Part of Extradition Bill – in a Public Bill Committee am 9:25 am ar 14 Ionawr 2003.

Danfonwch hysbysiad imi am ddadleuon fel hyn

Photo of Bob Ainsworth Bob Ainsworth The Parliamentary Under-Secretary of State for the Home Department 9:25, 14 Ionawr 2003

The clause relates to the rule of speciality, under which a person cannot be prosecuted for an offence other than the one for which he was extradited once he has been extradited to another country.

We had some doubt about whether amendment No. 95 was the right amendment. It would remove the possibility of another state being able to prosecute a person for an additional offence, even with the consent of the district judge after a hearing. There is no reason to do that. Speciality waivers, although rare, are a

long-standing feature of our extradition arrangements, and we should not create a situation in which we cannot agree to a request to put on trial someone who has been extradited from the United Kingdom if evidence comes to light that they are guilty of a different serious crime. I listened carefully to the example given by the hon. Member for Surrey Heath. He admitted that it was not about speciality, but said that it highlighted a problem that may occur.

Speciality would not give other countries the ability that the hon. Gentleman alleges in the circumstances that he described to the Committee. All the evidence that he cited suggested that, in the case of a close European partner, justice would be served by making our lines of communication as short as possible and returning the person to that country as quickly as possible, where the case against him could be quickly dismissed. Under the existing arrangements, if the Belgian authorities wanted to make a fresh application in that case, they would have to make it to the country to which the person had returned, so they would have to reapply to the Dutch. I do not accept the lesson that the hon. Gentleman is giving.

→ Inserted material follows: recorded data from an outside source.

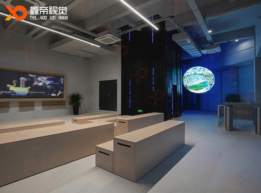 序廳多媒體播放裝置采用LED鍋蓋形屏幕,避免常規(guī)套路,更是一個吸睛的設(shè)計,讓人眼前一亮。
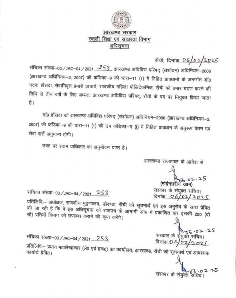 डॉ नटवा हांसदा राजकीय महिला पॉलिटेक्निक रांची के रिटायर्ड प्रभारी प्राचार्य हैं. झारखंड सरकार के संयुक्त सचिव मोईनुद्दीन खान ने झारखंड के राज्यपाल संतोष कुमार गंगवार के आदेश से यह अधिसूचना जारी की है. अधिसूचना में स्पष्ट किया गया है कि झारखंड अधिविद्य परिषद (संशोधन) अधिनियम 2006 (झारखंड अधिनियम-2, 2007) की कंडिका-9 की धारा-11(1) की उप कंडिका-ग(i) में निहित प्रावधान के अनुरूप वेतन एवं सेवा की शर्तें के अनुरूप उन्हें वेतन एवं भत्ते मिलेंगे.
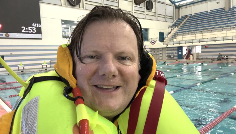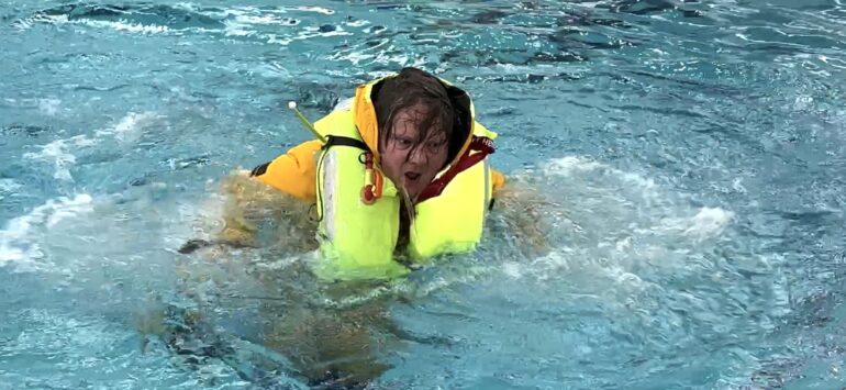 Day two of sailing safety training has brought Nigel to the life jacket use portion. Stay tuned to see how our here fares in the water.
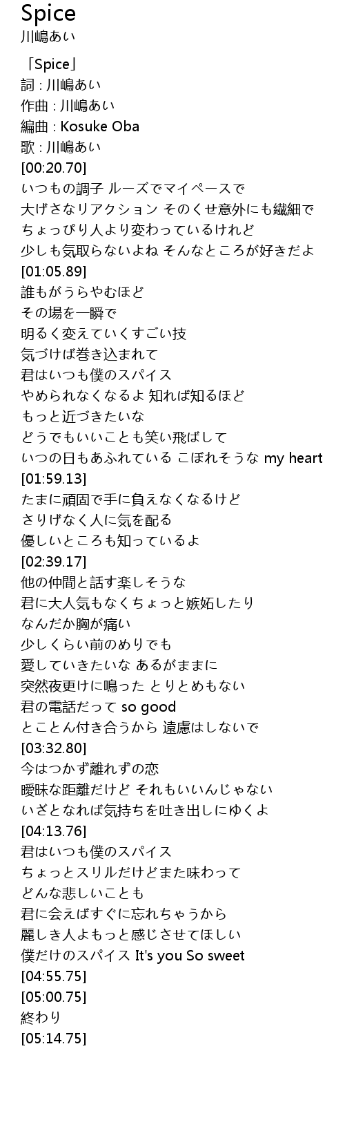 | [00:00.70] | 「Spice」 |

I do not know the details of individual cases that are raised in Committee, but it is as likely that the problem was caused by long lines of communication as by our long-winded extradition arrangements before the introduction of the Bill. It is not likely that any problem would occur because of the current speciality agreement or the speciality agreement that will exist once the Bill has been enacted.

The framework decision allows countries to declare that other countries that make a similar declaration can, after extradition, presume our consent to a person being prosecuted for offences committed before the extradition took place but that were not part of the original request. It was, and is, our intention to make such a declaration. Requests for waiver of speciality and re-extradition are not common. However, if such requests are received, our response should be guided by the principles of mutual recognition. I believe that we can trust our EU partners not to abuse the trust that we place in them. They are all signatories to the European convention on human rights, which guarantees a fair trial.

Amendment No. 94 would remove the ability of the requesting state to prosecute for offences not punishable by imprisonment without the UK's consent. Let us suppose that we returned a person to stand trial for a very serious offence, and that, once the person had returned, the requesting state discovered that he had committed a string of minor offences. The amendment proposes that those offences should be subject to an entirely separate extradition request, and that they cannot be dealt with as part of the case being heard against the returned offender.